The present invention provides a photothermographic composite structure comprising: (a) a dyeable image-receiving element comprising a polymeric image-receiving layer having a glass transition temperature in the range of 20° to 200° C., which image-receiving layer is optionally adhered to at least one surface of a support; and (b) strippably adhered to the polymeric image-receiving layer, an imageable photothermographic element comprising, in at least one imageable layer thereof a binder, a silver source material, photo-sensitive silver halide in catalytic proximity to the silver source material, and a formazan dye.

In the present invention, "strippably adhered" means, as is well understood in the art, that the layers are sufficiently well adhered to each other to survive mild handling without the layers separating and yet still be separable from each other by hand when required without tearing of individual layers. This generally means that a peel force (delaminating resistance) of about 1 to 50 g/cm width (0.1 to 4.5 ounces per inch width) of layer is needed to separate the two layers when one layer is pulled at 180° from the other at about 127 mm (5 inches) per minute.
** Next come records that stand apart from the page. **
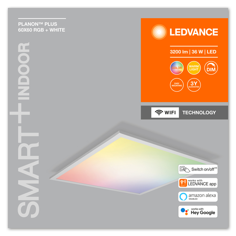 Panelleuchten mit mit WiFi-Technologie. Produkteigenschaften: Steuerbar über LEDVANCE SMART+ WiFi App (mit mindestens Androidâ¢ï¸ 4.4 oder iOS 9.0). Steuerung über Google Assistant oder Amazon Alexa möglich. RGB-Farbsteuerung, ca. 16 Mio. Farbmöglichkeiten einstellbar. Dimmbar. Farbtemperatur: 3.000 K (Warm White). Netzwerkprotokoll: WiFi. Produktvorteile: Einfache und schnelle Installation. Anwendungsgebiete: Innenraumanwendungen. Küche, Wohn-, Kinder- oder Arbeitszimmer. Technische Ausstattung: Tragbügel enthalten. Inklusive Montageschrauben und Dübel. Steuerung über App oder Sprachsteuerung erfordert kompatibles Smart-Home-System. Für die Steuerung über LEDVANCE SMART + WiFi App ist ein Smartphone oder Tablet erforderlich
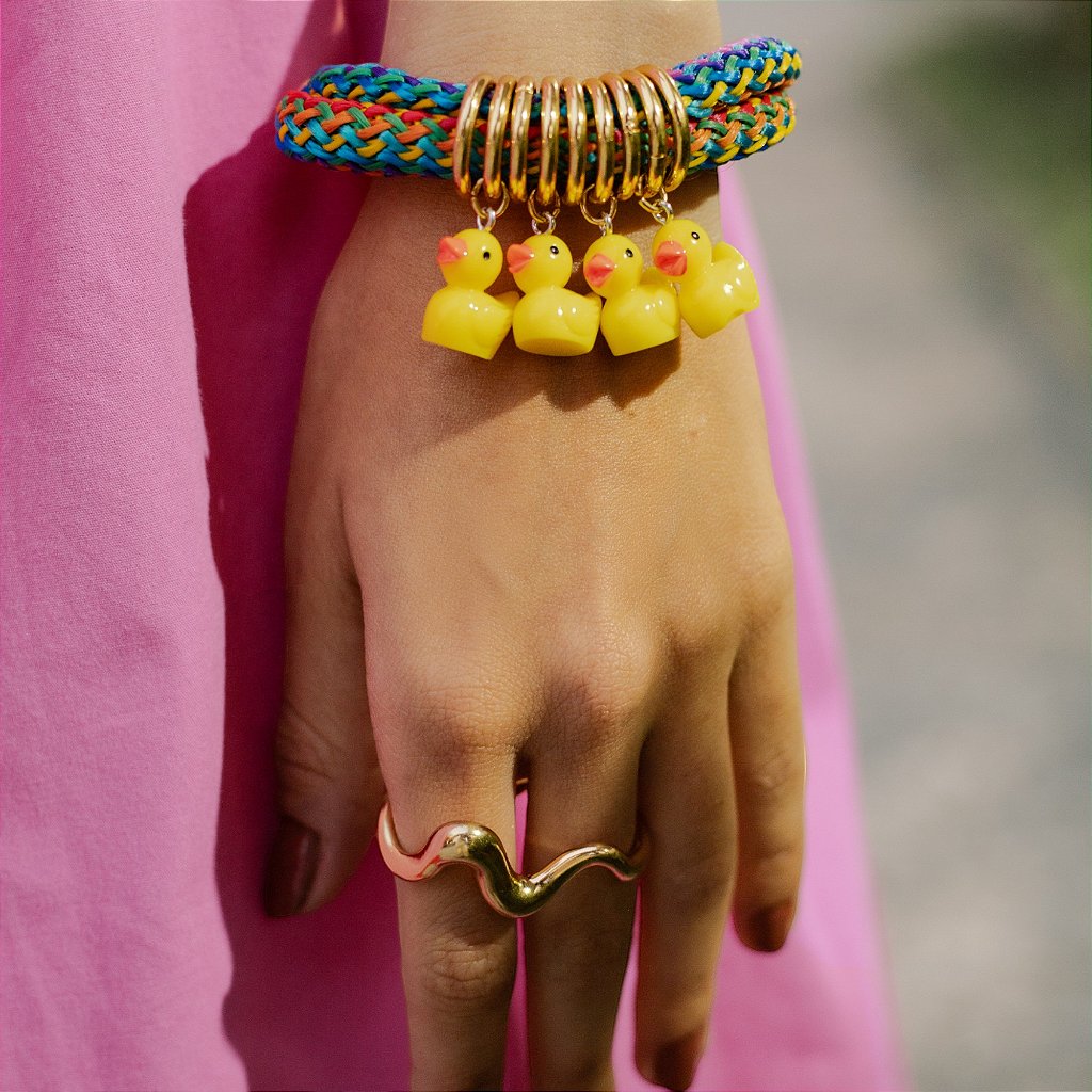 Com cores candy, acabamento polido e detalhes vibrantes como o bico vermelho e olhar minimalista, o Duck Pinky se torna um verdadeiro símbolo de personalidade. Cada peça da coleção — entre anéis, brincos, colares e pulseiras — foi criada para quem ama acessórios criativos, cheios de borogodó e capazes de transformar qualquer look.
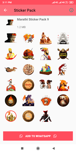 app you can find Lots of Marathi Stickers for Whatsapp with different categories.
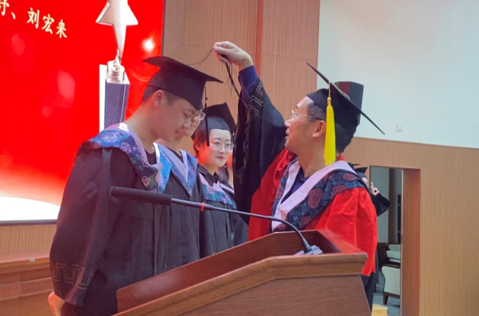 倪正芳诗意地将经典名著与人生哲理结合,他寄语毕业生们“看破红与黑,不做变色龙,警惕名利场,不做局外人,拼搏一千零一夜,终将走向伟大前程”倪院长祝愿同学们在未来的道路中,能够专注每一步,走好每一步。随后,倪院长为毕业生代表拨穗
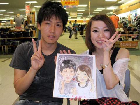 素敵なカップルさんでした。忙しい二人の初めての似顔絵はどうでしたかね〜?
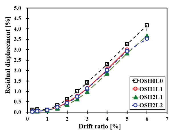 4.0% 변위비 단계에서 OSH0L0 실험체의 잔류변형 보다 0.92, 0.86, 0.90 만큼 낮게 분석되었다.
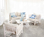 Branches de teck blanchies avec une finition à base de nitrocellulose.
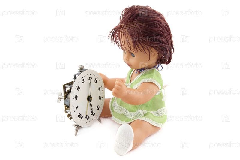 Кукла ремонтирует старый будильник на белом фоне
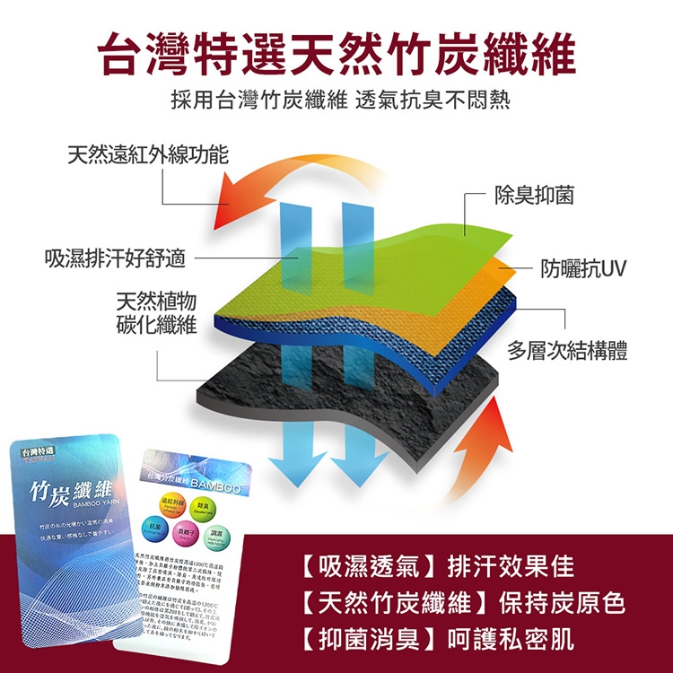 材質/ 43%聚酯纖維(竹炭纖維) 43%尼龍 14%彈性纖維
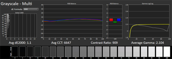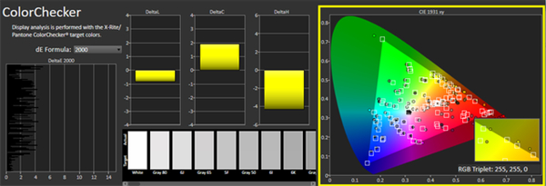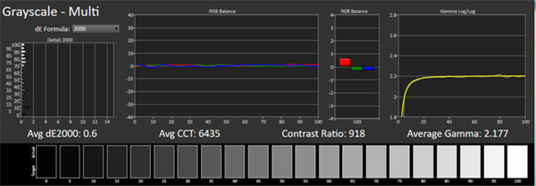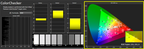 在这个环节中,笔者会先把显示器设成最接近100 cd/m2的亮度以及比较平衡的色温RGB值,再配以Calman的校色功能来调校显示器,而白平衡ΔE的目标则会设至0.5.
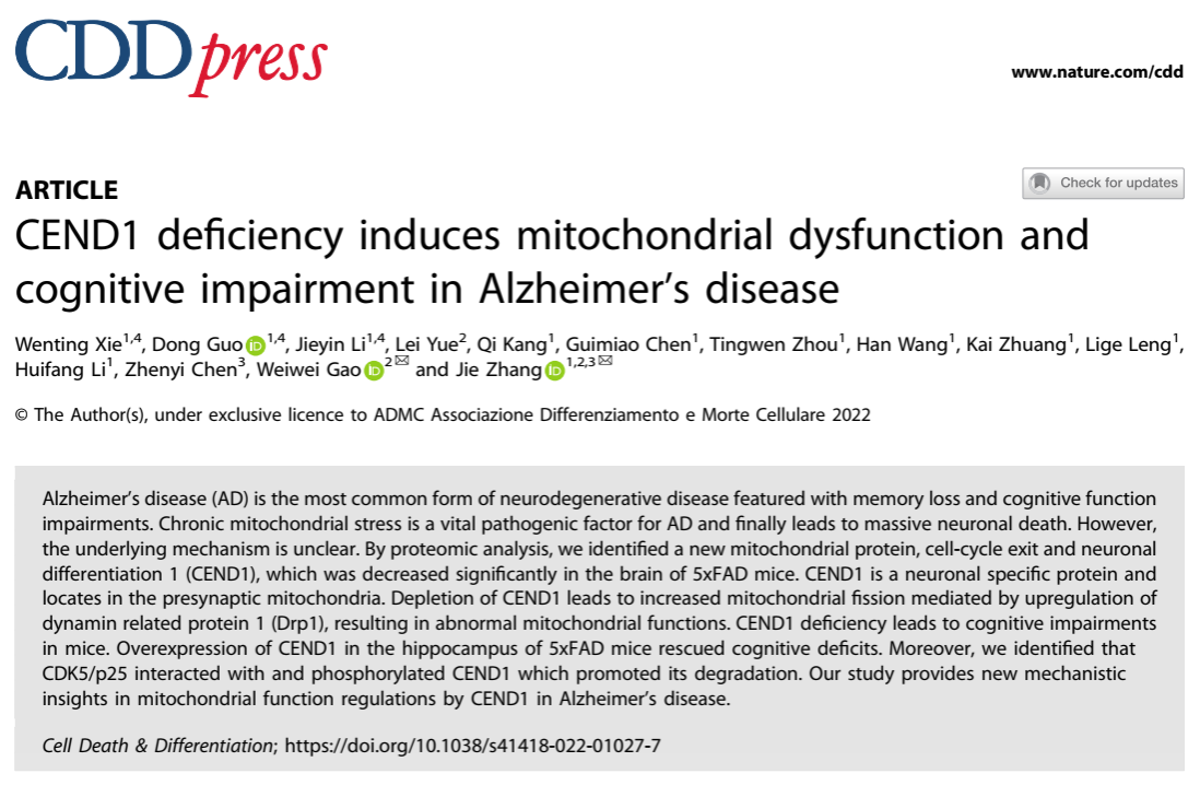 6月22日,OD网页版,OD(中国)神经科学研究所张杰教授团队在Nature旗下期刊Cell Death & Differentiation (IF:15.8)杂志上发表题为“CEND1 deficiency induces mitochondrial dysfunction and cognitive impairment in Alzheimer’s disease”的研究论文。该研究鉴定出了一个新的线粒体蛋白CEND1,并阐明了CEND1调控线粒体融合分裂导致AD发生发展的机制,为AD的防治提供了新靶点。

Preferably this peel force is in the range of 1 to 20 g/cm width (0.1 to 1.8 ounces per inch width).

When the heat-developable, imageable, color photo-thermographic construction of the invention is imagewise exposed to actinic radiation (i.e., infrared, visible, ultraviolet, x-ray, and electron beam) and then heat-developed, an oxidation-reduction reaction occurs between the organic silver salt and the formazan dye by means of an exposed light sensitive silver halide as a catalyst. Accordingly, a reduced silver image and an oxidation of the formazan dye to its colorless tetrazolinium salt are simultaneously formed in the light-exposed area of the material. The remaining formazan dye image (in the non-light exposed areas) can be thermally diffusion-transferred to an image-receiving layer. The thermal development of the tetrazolinium salt and the thermal diffusion-transfer of the formazan dye to the image-receiving layer occurs simultaneously without use of any post-treatment, chemicals, or transfer solvents.

After the heat-development, the heat-developable photosensitive element containing the reduced negative metallic silver image and other chemical reactants can be peeled apart from the dye-bearing image-receiving layer. A pure and stable positive dye image is obtained on the image-receiving layer.

The imageable photothermographic element of the present invention can be a unitary layer or it can comprise two or more layers as is well known in the art.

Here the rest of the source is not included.